Beibehalten wurden überdies auch die Eingriffsbefugnisse der Strafverfolgungsbehörden, was Durchsuchungen betrifft. So gilt die gesetzliche Beschränkung für Durchsuchungen zur Nachtzeit nach wie vor nicht, denn § 104 Abs. 2 StPO wurde durch das CanG auf polizeibekannte Schlupfwinkel des unerlaubten Cannabishandels erstreckt.
Schließlich hat der Gesetzgeber auch noch § 112a Abs. 1 Nr. 2 StPO dahingehend ergänzt, dass beim dringenden Verdacht einer Straftat nach § 34 Abs. 4 Nr. 1, Nr. 3 oder Nr. 4 KCanG der Haftgrund der Wiederholungsgefahr in Betracht kommt.
Sonstiges
1. Grenzwerte im Straßenverkehr
§ 44 KCanG enthielt den an eine vom Bundesministerium für Digitales und Verkehr eingesetzte interdisziplinäre Arbeitsgruppe gerichteten Auftrag, bis zum 31.3.2024 den Wert einer Konzentration von Tetrahydrocannabinol im Blut vorzuschlagen, bei dessen Erreichen nach dem Stand der Wissenschaft das sichere Führen eines Kraftfahrzeugs im Straßenverkehr nicht mehr regelmäßig gewährleistet ist. In Umsetzung dieses Auftrags hat die Expertengruppe am 28.3.2024 vorgeschlagen, in § 24a StVG einen gesetzlichen Wirkungsgrenzwert von 3,5 ng/ml THC im Blutserum zu verankern. Zudem hat das Gremium unter Hinweis auf die besonderen Gefahren von Mischkonsum vorgeschlagen, für Cannabiskonsumenten ein absolutes Alkoholverbot festzuschreiben, entsprechend der Regelung für Fahranfänger in § 24c StVG. Ob der Gesetzgeber diesen Vorschlägen folgen wird, bleibt abzuwarten (vgl. dazu aber schon AG Dortmund StRR 5/2024, 33 [in dieser Ausgabe]).

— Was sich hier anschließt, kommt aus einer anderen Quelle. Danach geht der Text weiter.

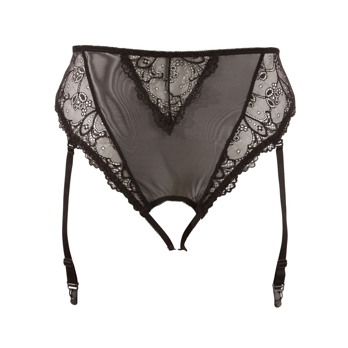 Mutandine con reggicalze Ouvert realizzate in powernet con pizzo floreale. Il taglio alto in vita lusinga la pancia e la vita. Bretelle regolabili e rimovibili. Senza calze.
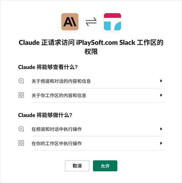 Slack 賬號(hào)和工作區(qū)都準(zhǔn)備好了就可以“一鍵安裝 Claude”了。但現(xiàn)在你需要先準(zhǔn)備一個(gè)美國(guó) IP 的網(wǎng)絡(luò)環(huán)境,然后「點(diǎn)擊 Add to Slack 這個(gè)鏈接」即可在 Slack 里添加 Claude 機(jī)器人應(yīng)用??吹綄?duì)話框,點(diǎn)擊“允許”給予權(quán)限即可,至此我們就已經(jīng)全部搞定了,非常的簡(jiǎn)單!
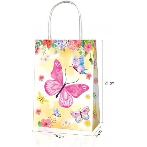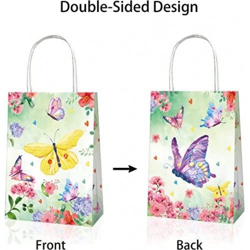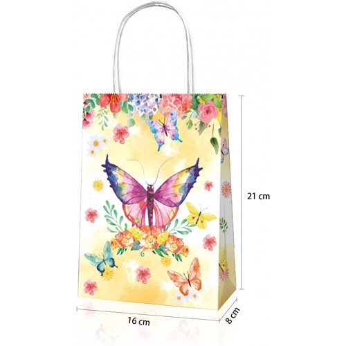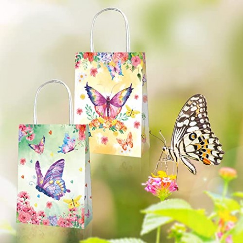 - (SIZE and MATERIAL)Butterfly Party gift treat bags are made of quality thick white kraft paper, reliable and durable to use. Size 22*12*8CM, enough space to hold small candies.
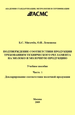 Мигачёв, Б. С. Подтверждение соответствия продукции требованиям технического регламента на молоко и молочную продукцию. Часть 1. Обязательная сертификация молочной продукции : учебное пособие / Б. С. Мигачёв, О. И. Лемешева. — Москва : Академия стандартизации, метрологии и сертификации, 2009. — 17 c. — Текст : электронный // Цифровой образовательный ресурс IPR SMART : [сайт]. — URL: https://www.iprbookshop.ru/44284.html (дата обращения: 03.12.2025). — Режим доступа: для авторизир. пользователей
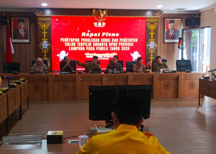 Bandar Lampung – KPU Provinsi Lampung resmi menetapkan 85 calon anggota legsilatif (caleg) DPRD Provinsi Lampung periode 2024–2029. Penetapan itu usai rapat pleno perolehan kursi dan penetapan calon terpilih, di KPU Lampung, Kamis, 2 Mei 2024.
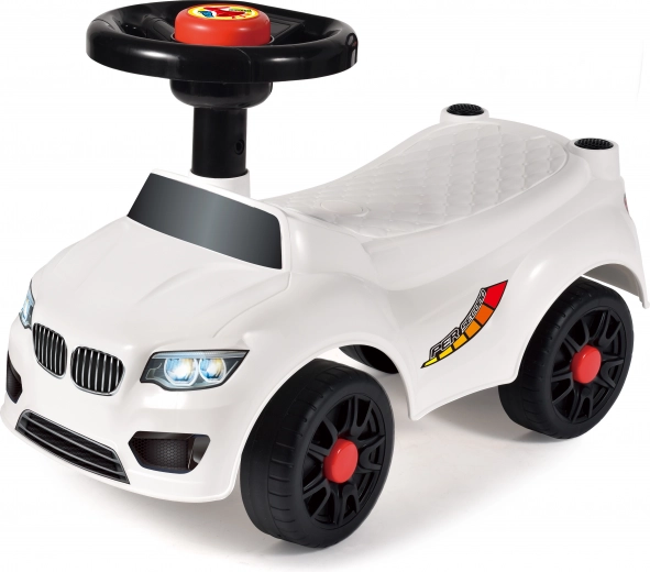 Trotinetă albă fără spătar, ușoară și stabilă, pentru cei mai mici. Oferă manevrare simplă, construcție solidă și dimensiuni compacte 50 × 21,5 × 33 cm – ideală pentru interior și exterior.
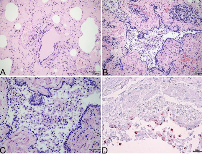 During the necropsy, the bladder was found to be full and dilated (20 cm?×?10 cm in diameter), holding 1050 mL of dark red urine. Congestion was presented on the surface of the bladder mucosa (S1 A and B). The renal pelvis of the right kidney showed effusion and dilation. The lungs appeared dull red, and there was swelling and liquid leakage present in the section analysed (Fig. 3). Moreover, there were no obvious abnormalities in other organs. A microscopic examination revealed coagulative necrosis of the massive glomeruli and tubules in the renal cortex, and bilirubin deposition in the tubule epithelial cells (S1C). The bladder had severe autolysis and the mucosa structure was disordered and homogeneous. The pulmonary alveoli were distended and filled with pink exudate. Many lymphocytes and exfoliative cells filled the bronchioles and no viral inclusion bodies were found in the epithelial cells of the bronchial mucosa. (Fig. 4A–C).

2. Änderungen der Fahrerlaubnis-Verordnung
Darüber hinaus erfolgte durch Art. 14 CanG auch eine Änderung der Fahrerlaubnis-Verordnung. Diese wurde um § 13a FeV ergänzt und ermächtigt die Fahrerlaubnisbehörde nunmehr, bei tatsachengestützter Annahme von Cannabisabhängigkeit die Beibringung eines ärztlichen Gutachtens anzuordnen (§ 13a Nr. 1 FeV). Darüber hinaus kann die Beibringung eines medizinisch-psychologischen Gutachtens angeordnet werden, wenn nach dem ärztlichen Gutachten zwar keine Cannabisabhängigkeit besteht, jedoch Anzeichen für Cannabismissbrauch vorliegen oder sonst Tatsachen die Annahme von Cannabismissbrauch begründen, wenn wiederholt Zuwiderhandlungen im Straßenverkehr unter Cannabiseinfluss begangen wurden, wenn die Fahrerlaubnis aus einem der vorgenannten Gründe entzogen war oder wenn sonst zu klären ist, ob Cannabismissbrauch oder Cannabisabhängigkeit nicht mehr besteht (§ 13a Nr. 2 FeV). Cannabiskonsumenten droht also weiterhin die Entziehung der Fahrerlaubnis.